**INSTRUCTIONS TO FOLLOW**
Range to repeat from the listing below: the line containing "830x790x870 мм,115 кг, производительность" down to the line containing "infoindonesiainews.com | CILACAP", both included. Copy it exactly, pictures excluded, and add nothing else.

**DATA SHOWN**
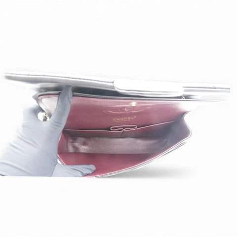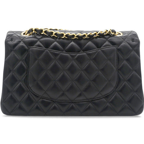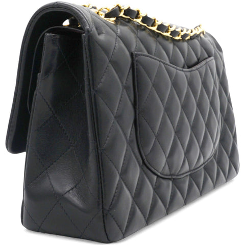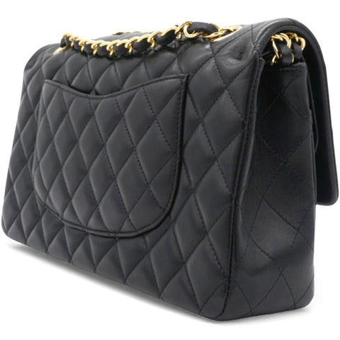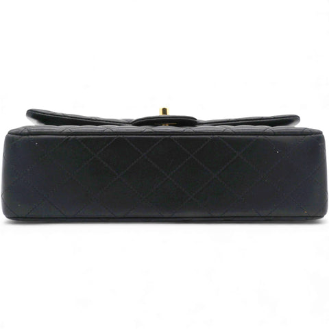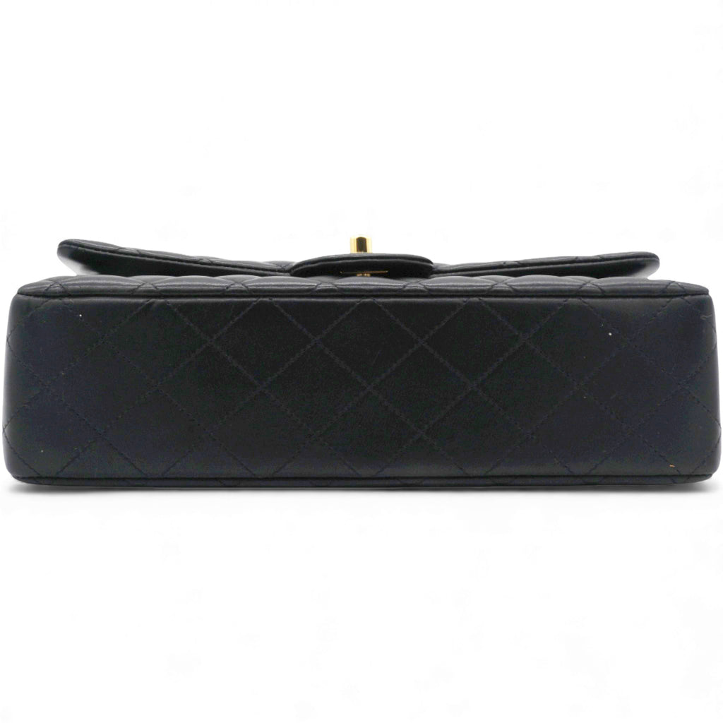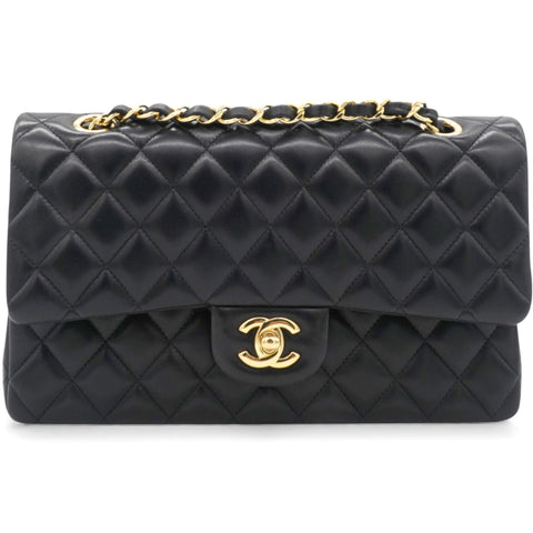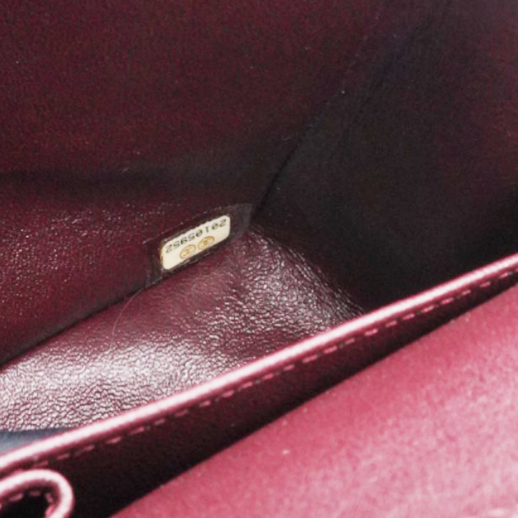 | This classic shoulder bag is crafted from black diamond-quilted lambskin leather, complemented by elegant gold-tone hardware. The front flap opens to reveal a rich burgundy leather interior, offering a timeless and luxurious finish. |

...

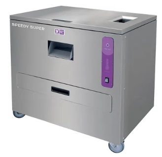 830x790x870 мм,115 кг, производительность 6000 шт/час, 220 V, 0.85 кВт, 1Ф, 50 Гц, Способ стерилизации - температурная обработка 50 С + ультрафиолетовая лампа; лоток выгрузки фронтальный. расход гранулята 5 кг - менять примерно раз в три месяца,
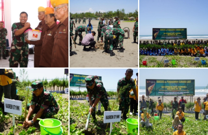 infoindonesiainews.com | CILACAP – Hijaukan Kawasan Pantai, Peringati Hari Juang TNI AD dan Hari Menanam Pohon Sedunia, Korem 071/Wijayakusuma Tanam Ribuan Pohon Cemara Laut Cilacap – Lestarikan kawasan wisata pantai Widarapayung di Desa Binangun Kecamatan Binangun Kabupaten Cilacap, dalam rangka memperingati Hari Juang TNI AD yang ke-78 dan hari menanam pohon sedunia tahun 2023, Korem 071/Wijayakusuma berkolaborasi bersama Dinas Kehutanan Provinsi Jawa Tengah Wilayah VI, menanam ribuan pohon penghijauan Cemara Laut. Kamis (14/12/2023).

* * *

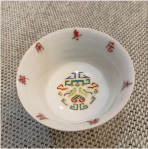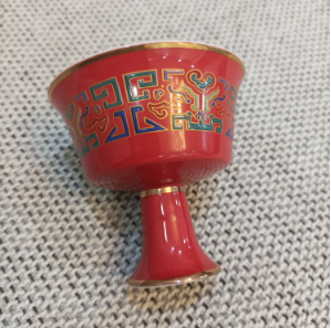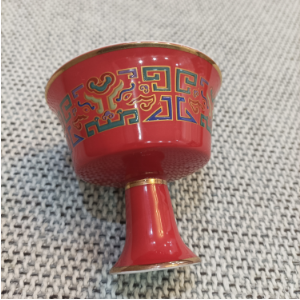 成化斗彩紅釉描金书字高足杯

**SOLUTION TO THIS TASK**
 830x790x870 мм,115 кг, производительность 6000 шт/час, 220 V, 0.85 кВт, 1Ф, 50 Гц, Способ стерилизации - температурная обработка 50 С + ультрафиолетовая лампа; лоток выгрузки фронтальный. расход гранулята 5 кг - менять примерно раз в три месяца,
 infoindonesiainews.com | CILACAP – Hijaukan Kawasan Pantai, Peringati Hari Juang TNI AD dan Hari Menanam Pohon Sedunia, Korem 071/Wijayakusuma Tanam Ribuan Pohon Cemara Laut Cilacap – Lestarikan kawasan wisata pantai Widarapayung di Desa Binangun Kecamatan Binangun Kabupaten Cilacap, dalam rangka memperingati Hari Juang TNI AD yang ke-78 dan hari menanam pohon sedunia tahun 2023, Korem 071/Wijayakusuma berkolaborasi bersama Dinas Kehutanan Provinsi Jawa Tengah Wilayah VI, menanam ribuan pohon penghijauan Cemara Laut. Kamis (14/12/2023).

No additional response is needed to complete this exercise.